Work item » So that the copy stays text only, transcribe the data below exactly and exclude the images.

Input data »
::::::

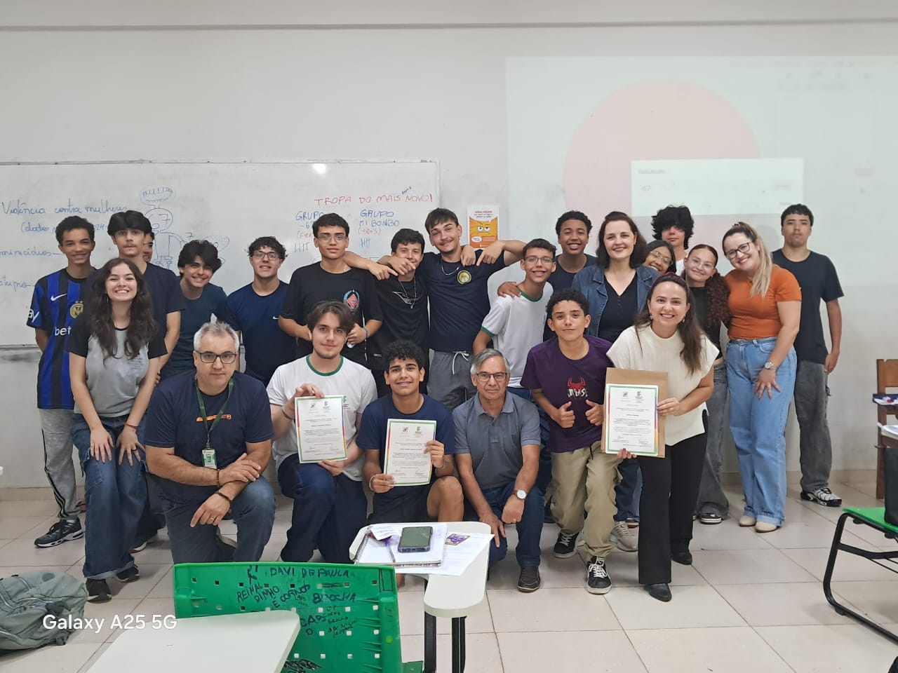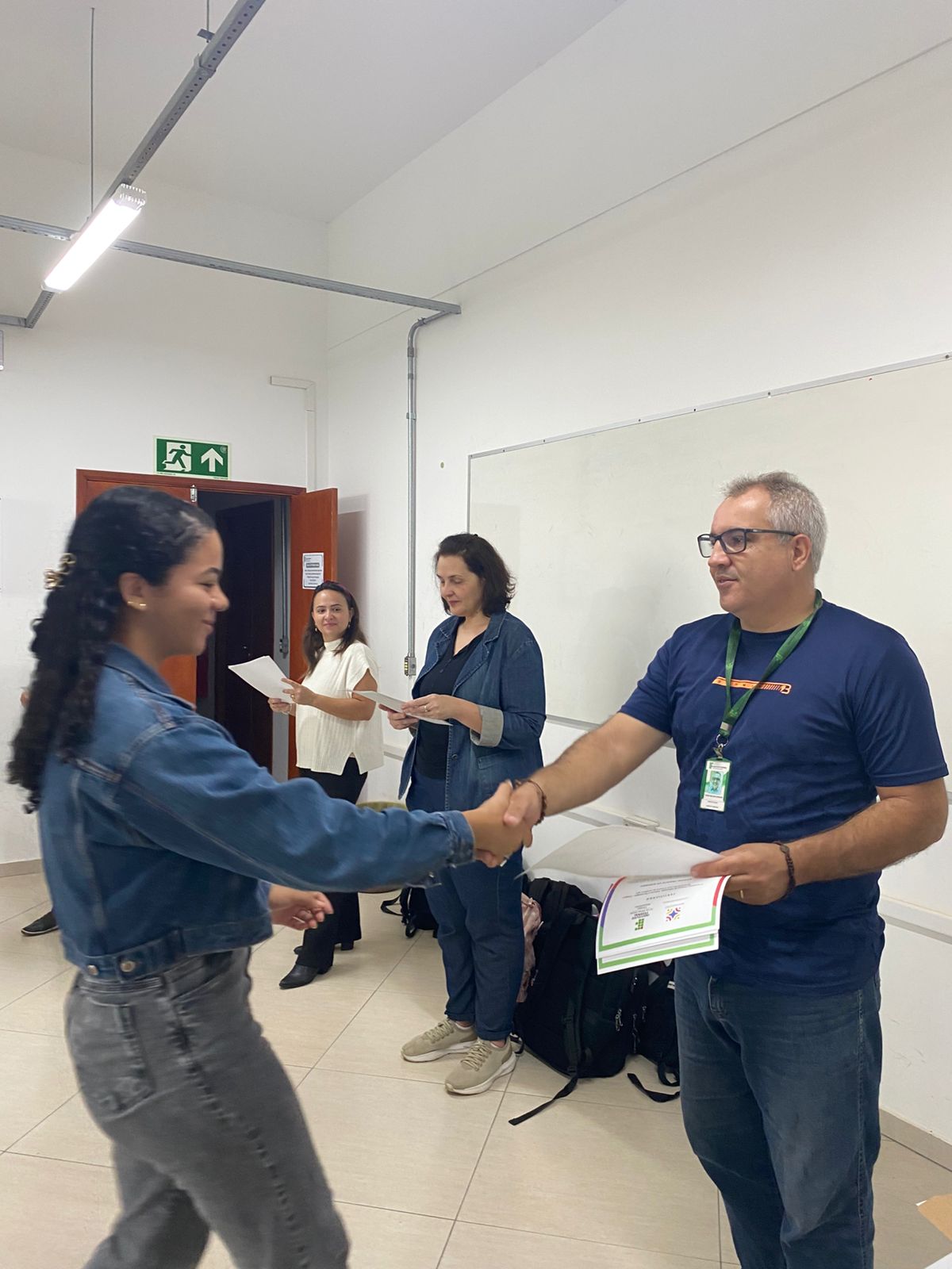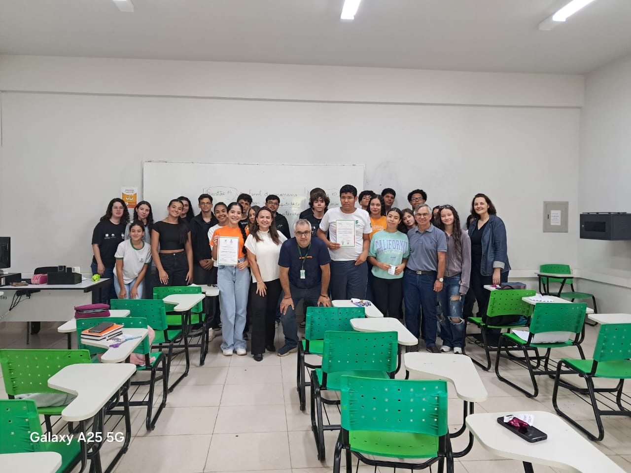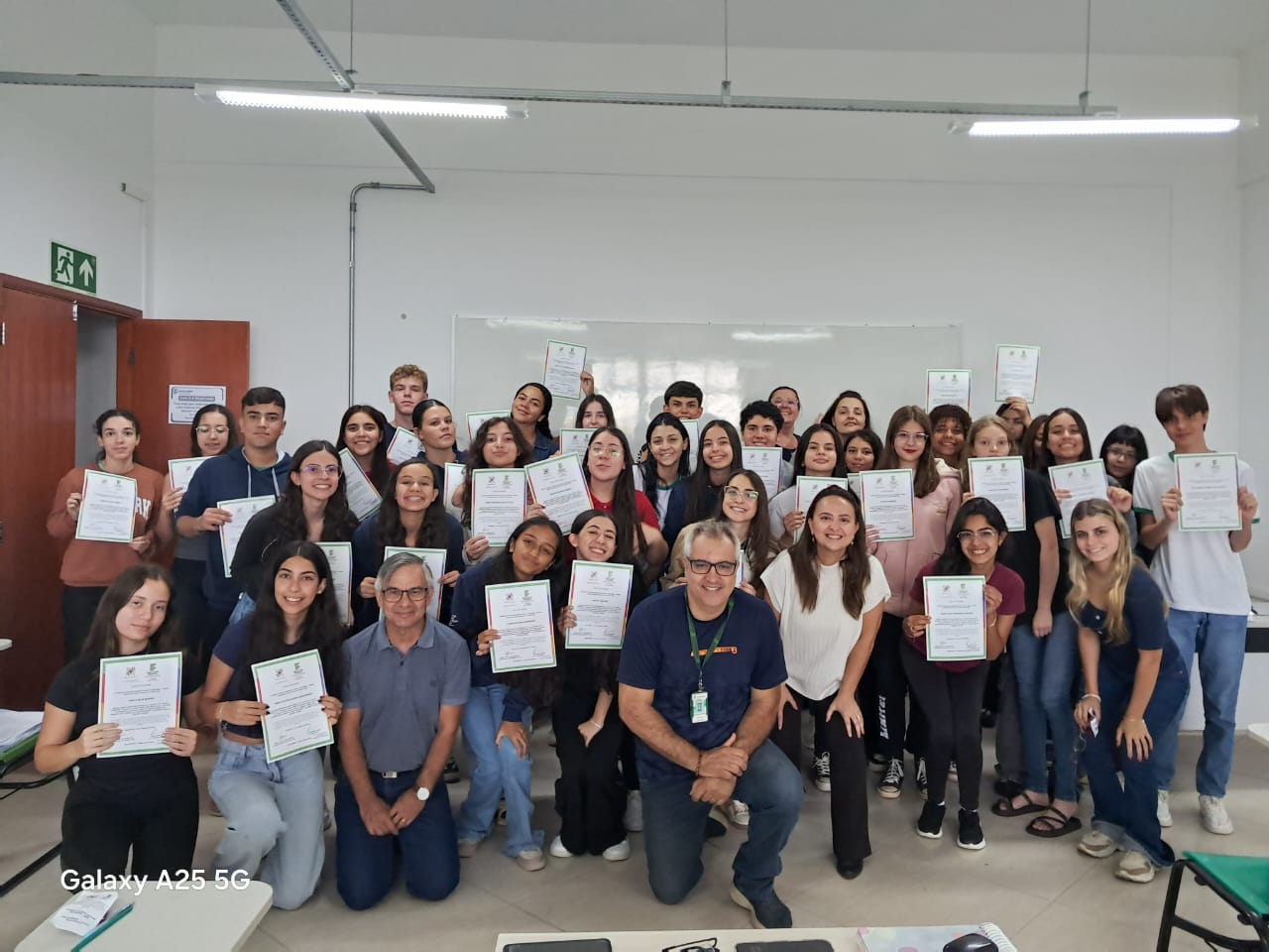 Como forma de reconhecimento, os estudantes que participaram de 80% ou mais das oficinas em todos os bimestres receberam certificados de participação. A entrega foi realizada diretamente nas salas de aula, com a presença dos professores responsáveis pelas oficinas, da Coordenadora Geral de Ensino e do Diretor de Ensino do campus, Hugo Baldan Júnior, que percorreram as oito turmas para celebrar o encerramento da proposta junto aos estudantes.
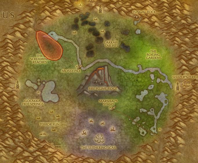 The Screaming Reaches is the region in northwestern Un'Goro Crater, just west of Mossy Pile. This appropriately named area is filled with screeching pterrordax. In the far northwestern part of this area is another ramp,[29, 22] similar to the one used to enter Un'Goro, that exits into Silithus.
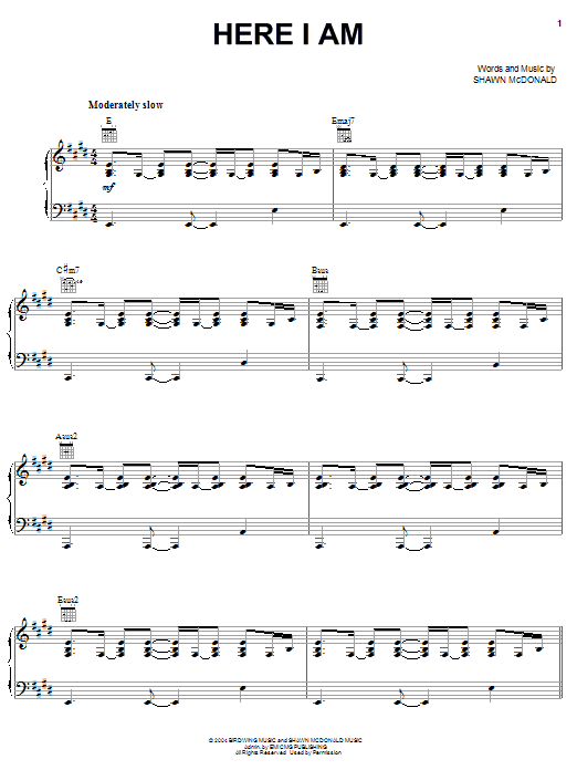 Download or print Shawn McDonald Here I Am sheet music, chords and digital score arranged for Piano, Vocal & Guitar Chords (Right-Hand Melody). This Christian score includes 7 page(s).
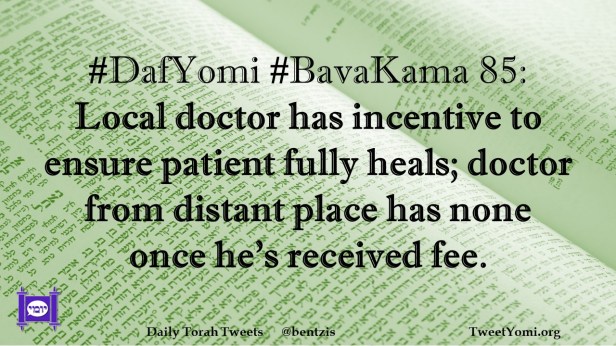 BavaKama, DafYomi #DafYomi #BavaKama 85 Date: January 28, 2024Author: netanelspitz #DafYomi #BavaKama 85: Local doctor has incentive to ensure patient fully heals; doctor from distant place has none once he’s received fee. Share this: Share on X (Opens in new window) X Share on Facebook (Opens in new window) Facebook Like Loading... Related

::::::

Solved exercise »
 Como forma de reconhecimento, os estudantes que participaram de 80% ou mais das oficinas em todos os bimestres receberam certificados de participação. A entrega foi realizada diretamente nas salas de aula, com a presença dos professores responsáveis pelas oficinas, da Coordenadora Geral de Ensino e do Diretor de Ensino do campus, Hugo Baldan Júnior, que percorreram as oito turmas para celebrar o encerramento da proposta junto aos estudantes.
 The Screaming Reaches is the region in northwestern Un'Goro Crater, just west of Mossy Pile. This appropriately named area is filled with screeching pterrordax. In the far northwestern part of this area is another ramp,[29, 22] similar to the one used to enter Un'Goro, that exits into Silithus.
 Download or print Shawn McDonald Here I Am sheet music, chords and digital score arranged for Piano, Vocal & Guitar Chords (Right-Hand Melody). This Christian score includes 7 page(s).
 BavaKama, DafYomi #DafYomi #BavaKama 85 Date: January 28, 2024Author: netanelspitz #DafYomi #BavaKama 85: Local doctor has incentive to ensure patient fully heals; doctor from distant place has none once he’s received fee. Share this: Share on X (Opens in new window) X Share on Facebook (Opens in new window) Facebook Like Loading... Related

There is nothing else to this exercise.